From Heidelberg to Hollywood
(Tales of Gustav-Otto Part 1)

Ron Crow

Ron has extensive experience in the freelance world as well as in editing and proofreading.  He is also the author of St. Patrick's Primer, a self-study course for learning Irish Gaelic.

Email comments to Ron

Return to Archives

Everyone back in Heidelberg thought Gustav-Otto was mad, and they said so, too. That would have rankled Gustav-Otto if he had ever noticed their comments. He would have said, "Dis manifestation of emotional immaturity ramifies zie psychosis of infantile envy only because it ist but zie product of an imbalance of the starch in their digestive entrails!" But in those care-free university days Gustav-Otto never knew what anyone thought of him. He was too busy in his laboratory to pay any attention to psychoses, infantile or otherwise.

Gustav-Otto was busy with his work.
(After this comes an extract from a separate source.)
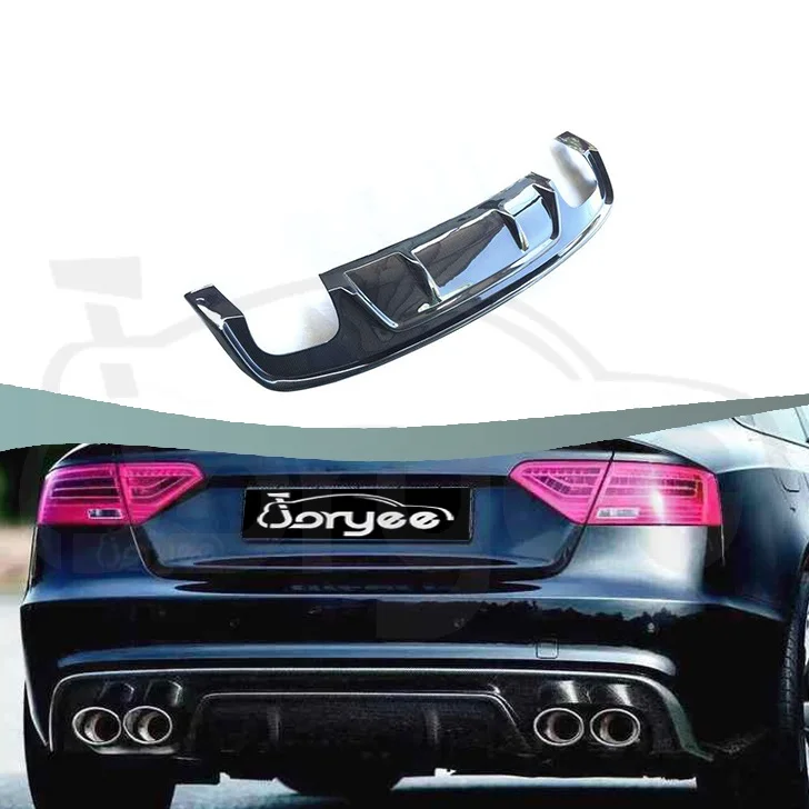 Joryee Carbon Fiber Rear Bumper Diffuser Exhaust Body Kit Car Part for Audi A5 Quattro S-LINE 4D 2012-2016 2014 Tuning Accessory

He firmly believed that the inventing of what he called "helpful vapors" would alter the amount of starch in his test subjects and therefore change their behavior. It was his gift to the human race and science, or so he would have contended if he understood that anyone questioned his work.

Finally, after much experimentation, two volumes on the chemistry of starch in the human digestive tract, and uncounted lectures at the University, Gustav-Otto invented a vapor that made everyone who smelled its aroma abjure forthwith all forms of armed conflict. He thought his scientific contribution to mankind was at hand and immediately presented it to the Kaiser in Berlin. His Imperial Majesty's handsome face changed color, his eyes sparkled, his mustache twitched, his crippled left arm jangled his saber, and he immediately forthwith lectured Gustav-Otto on the glorious necessity of war. War created opportunities for heroism, presented a wondrous chance for physical exercise, and actually decreased international tensions by shooting all the opponents of His Imperial Majesty.

Gustav-Otto returned to Heidelberg by the next express train and concocted a new vapor, an elixir that made those who breathed it mad for war. He then released it into the atmosphere while singing, "Der Kaiser ist ein gut mann...!" Of course, World War I was the result.

As that conflict did not turn out as the Kaiser so earnestly hoped, Gustav-Otto was called upon to save the empire. He outdid himself. He invented an entirely new vapor that forced everyone in the Imperial officer's corps to think of a new form of warfare—trench warfare. Perhaps he was thinking of the effects of starch applied to what had at first been a war of movement. Unfortunately the enemies of the Fatherland soon stole his idea. Alas, there are no secrets in war—especially a war with Mata Hari working overtime on her...ah...fact-finding endeavors—and by their counter use of trench warfare they held off the Empires invincible legions just long enough for Germany to lose the war.

Disillusioned by his immense failure, especially after Field Marshal von Hindenberg himself said to him (as the Kaiser's train into exile puffed away from the station platform), "Gustav-Otto, dis ist dine fault!," (whether the august hero meant that our unfortunate scientist was guilty of the start of the war or the loss of the war, or both, did not matter much at this stage.) Gustav-Otto decided to test and re-test every new vapor he concocted.

A new nostrum soon appeared. In hopes of renewing love in a broken world, our scientist wrought, after only a few years intense work, that for which mankind had sought for millennia—a love potion. It was to be used as a nasal spray and affected the starch in the pituitary gland, altering how the subject perceived himself . But Gustav-Otto's problem remained, how to test it without bringing on global calamity?

He decided that he would perform an infallible test: he would get someone who was appearing on those new things called movies to test it. If someone on the silver screen could translate his new sense of self to millions of strangers in unhygienic movie halls, millions who could neither hear his voice nor be attracted or repelled by any stray pheromones, then his concoction would be a resounding success!

That is why Gustav-Otto hied himself to the other side of the world, to California, in fact, to Hollywood, in the United States. He tested his new product on a new immigrant to America as a further control on his test. If a foreigner could attract American film audiences, then Gustav-Otto could rest assured of his research findings.

Alas, the result did not turn out quite as planned. Oh, it was a success for the audience...a resounding success. The test subject thrilled his audiences. In fact, he became almost as a love god to them. The only draw back was, unfortunately, that Gustav-Otto's latest elixir had a totally unforeseen effect on the test subject—it turned the unfortunate man, popularly known as Rudolf Valentino, into a homosexual.

Discouraged, poor Gustav-Otto sat in the California sunshine and pondered his next move.

(And so, we leave poor Gustav-Otto until the next installment. Please try not to become too anticipatory because we are absolved from all medical problems arising from too great an expectation.)